Nila Moeloek : Peran Lintas Sektor Untuk Mengakhiri Tuberkulosis di Indonesia

1 April 2020

Menjadi Menteri Kesehatan di negara berkembang dengan 264 juta penduduk, tentunya memiliki tantangan tersendiri bagi Prof. Dr. dr. Nila Djuwita Faried Anfasa Moeloek, SpM. mengingat banyak masalah kesehatan yang dihadapi. Selain gizi yang hingga saat ini masih menjadi program prioritas pemerintah, juga masalah tuberkulosis dimana Indonesia masih menempati urutan tiga dunia untuk beban kasus TBC tertinggi di dunia. Nila Moeloek adalah mantan Menteri Kesehatan Indonesia pada Kabinet Kerja Presiden Joko Widodo tahun 2014-2019.

“Pemberantasan TBC perlu dilakukan secara terpadu. Hal ini dikarenakan penyakit menular ini tidak hanya semata soal kesehatan, namun juga terkait dengan pengelolaan lingkungan serta keterpenuhan gizi,” ujar Nila Moeloek.

Nila Moeloek yang juga berprofesi sebagai guru besar Fakultas Kedokteran Universitas Indonesia ini pernah menghadiri pertemuan Dewan Koordinasi Stop Tuberkulosis (TB) Partnership ke-29 di Rocco Forte Hotel da Rome, Berlin, Jerman. Dalam paparannya beliau menjelaskan ada enam topik penghentian TBC, dimana salah satunya adalah kebutuhan vaksin yang lebih efektif dari vaksin BCG. Berdasarkan data yang dikeluarkan oleh Badan Kesehatan Dunia (WHO) tahun 2018, disebutkan bahwa estimasi jumlah kasus TBC di Indonesia mencapai sekitar 842.000 kasus. Sementara jumlah kasus TBC anak yang kurang lebih mencapai angka 52.929 kasus. Hal ini yang kemudian membuat Nila mempertanyakan keefektifan vaksin BCG yang selama ini diberikan kepada anak-anak.

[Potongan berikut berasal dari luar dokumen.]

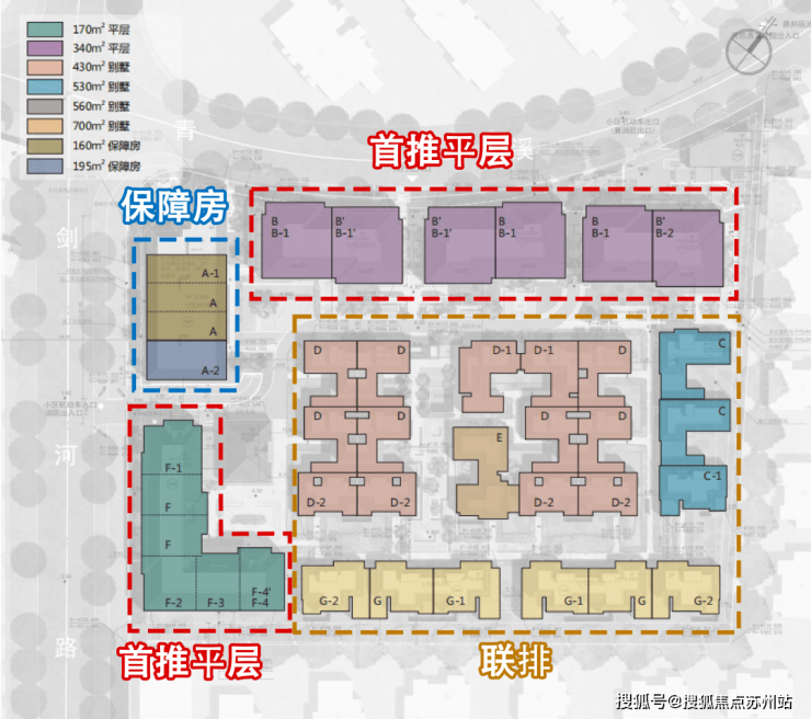 项目别墅是大头,且都是拼接型别墅:地上三层,地下一层,联排面积段为430㎡、530㎡、560㎡、700㎡,合计有23套。
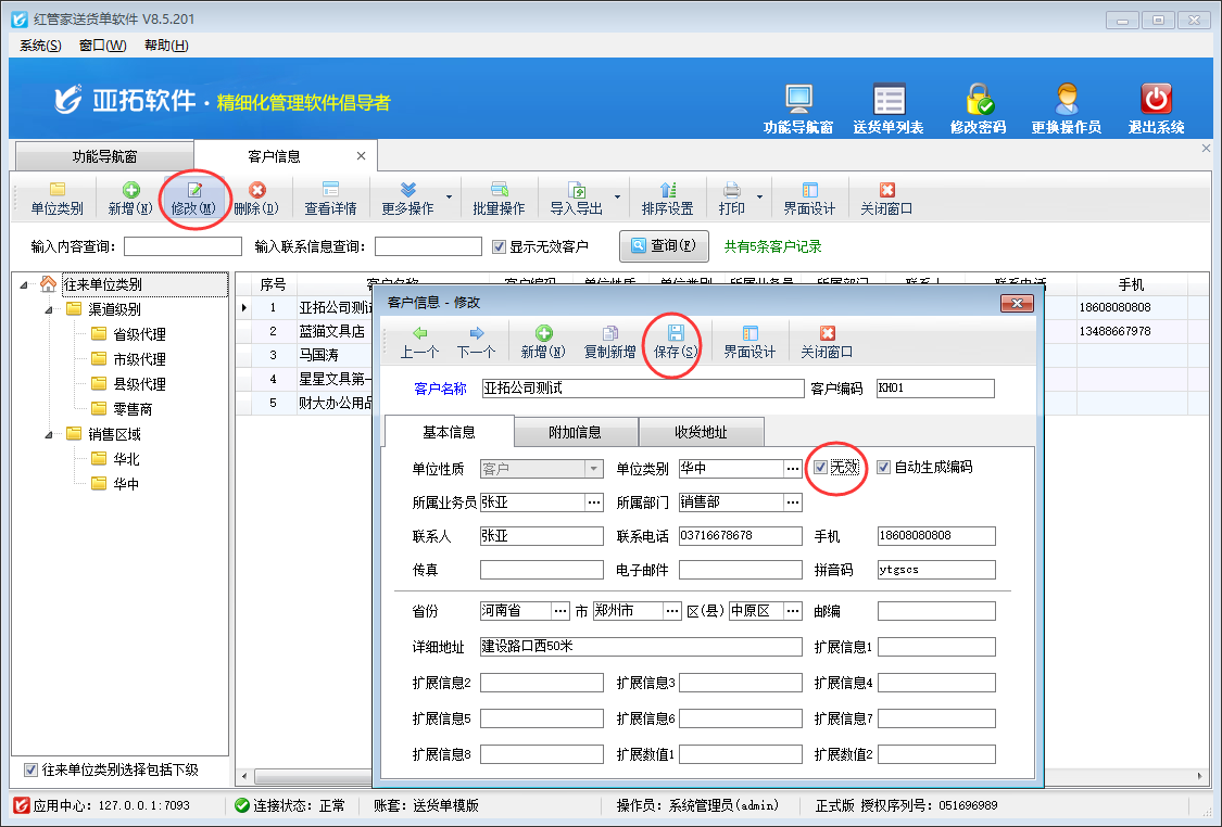 送貨單軟件內(nèi)如何將客戶信息設(shè)置為無效?

Meski belum ada pengembangan lebih lanjut mengenai vaksin ini, beliau menyatakan ada hal lain juga yang tak kalah penting untuk upaya eliminasi TBC. Menurutnya untuk mengakhiri TBC pada 2030, pemerintah tidak dapat bekerja sendiri. Butuh komitmen yang kuat dan tindakan dari seluruh sektor, termasuk juga masyarakat.

“Masyarakat juga dapat menjadi jembatan untuk mengakhiri TBC. Pada saat yang bersamaaan, pemerintah, akademisi dan sektor lain juga bekerja sehingga dapat menurunkan lebih cepat kasus TBC,” ujar Nila saat sesi diskusi.

Pembekalan informasi mengenai tuberkulosis melalui edukasi dan promosi menjadi salah satu hal yang perlu dilakukan. Upaya eliminasi tidak hanya bisa dicapai hanya dengan melakukan penemuan kasus dan pengobatan hingga tuntas, namun tak kalah penting adalah dengan pencegahan. Menurutnya kerjasama dengan lintas sektor menjadi salah satu langkah penting dalam membantu menyuarakan kepada masyarakat agar terbangun kesadaran tentang penyakit ini.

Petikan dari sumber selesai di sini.